The red state–blue state dichotomy has always been
reductive—every state has thousands, and in some cases millions, of people who
fit the opposite mold. It is no coincidence that Barack Obama’s introduction on
the national stage was a speech rejecting that very concept. “We worship an
awesome God in the blue states, and we don’t like federal agents poking around
our libraries in the red states,” Obama said at the Democratic National Convention in 2004.
“We coach little league in the blue states and, yes, we’ve got some gay friends
in the red states.” It is such a simple sentiment—it feels almost dated in its
charity and generosity—yet one that inarguably renders a picture of America
closer to how it actually is than much political reporting or cable-news
programming.
What makes this era different is the lengths to which Republican
politicians are willing to go to set the rules to maintain their dominance in
areas that are not as red as they would like them to be.

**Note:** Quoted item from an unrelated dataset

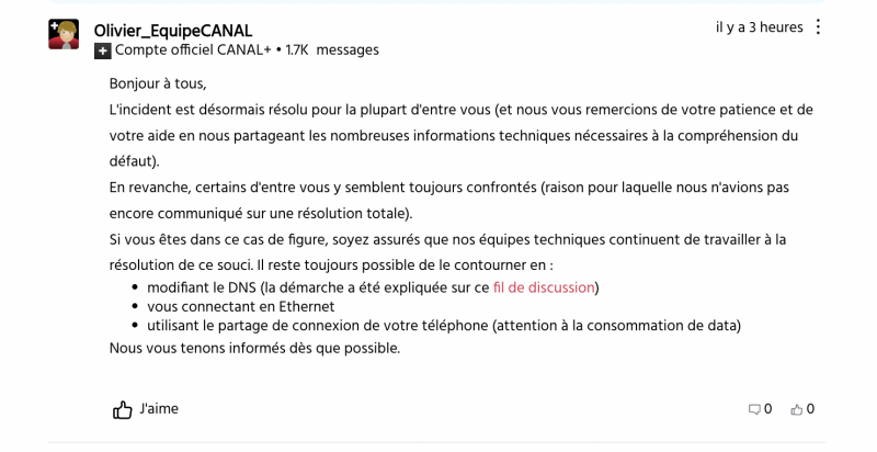 Canal+ précise toutefois que certains utilisateurs rencontrent encore des difficultés. Les équipes techniques poursuivent leurs investigations pour un retour complet à la normale. En attendant, trois solutions de contournement restent possibles : modifier le DNS de sa connexion en suivant les instructions de ce fil, passer par une connexion Ethernet ou utiliser le partage de connexion d’un smartphone (en tenant compte de la consommation de données).

The future of the
Republican Party relies on its ability to prevent or deter people of color from
exercising the franchise. And the more politicians manipulate the process, the
more they need to reassure themselves that their voters are the only legitimate
ones, that they would have won even if they hadn’t rigged the game.
“No matter whether a suppressive or discriminatory voting law
ultimately affects the outcome of a race for political office: These laws can
still be unconstitutional, and they still place a burden on people’s
constitutional rights that should not be there,” said the Brennan Center’s
Feldman. “That said, they can—excluding certain groups of people from the
voting booth can obviously have an impact on what their representation looks
like. And I think that at least some state legislators are well aware of that.”
Commerce Secretary Wilbur Ross lied to Congress about the
process of adding immigration-status questions to the census; the questions
stand to chill participation from Latinos and undercut Democratic-leaning areas. Georgia
Secretary of State Brian Kemp, seeking a promotion to governor, engaged in one of the largest mass
disenfranchisements in U.S. history, in an apparent attempt to blunt the
influence of the Peach State’s black voters. Republican legislators in North
Dakota, after an upset win by Democrat Heidi Heitkamp in the 2012 Senate race,
passed a law designed to disenfranchise the Native American population
that put her over the top. President Donald Trump, in a last-ditch effort to
energize his base for the midterms, has promised to repeal the Fourteenth
Amendment’s guarantee of birthright citizenship, which would create a
permanent, stateless, hereditary, nonvoting underclass for the first time since
the nation abolished slavery.
Whatever happens on Tuesday, the Republican Party cannot govern
forever with the support of a shrinking minority of the population. Eventually
there will be a reckoning. Even in Texas.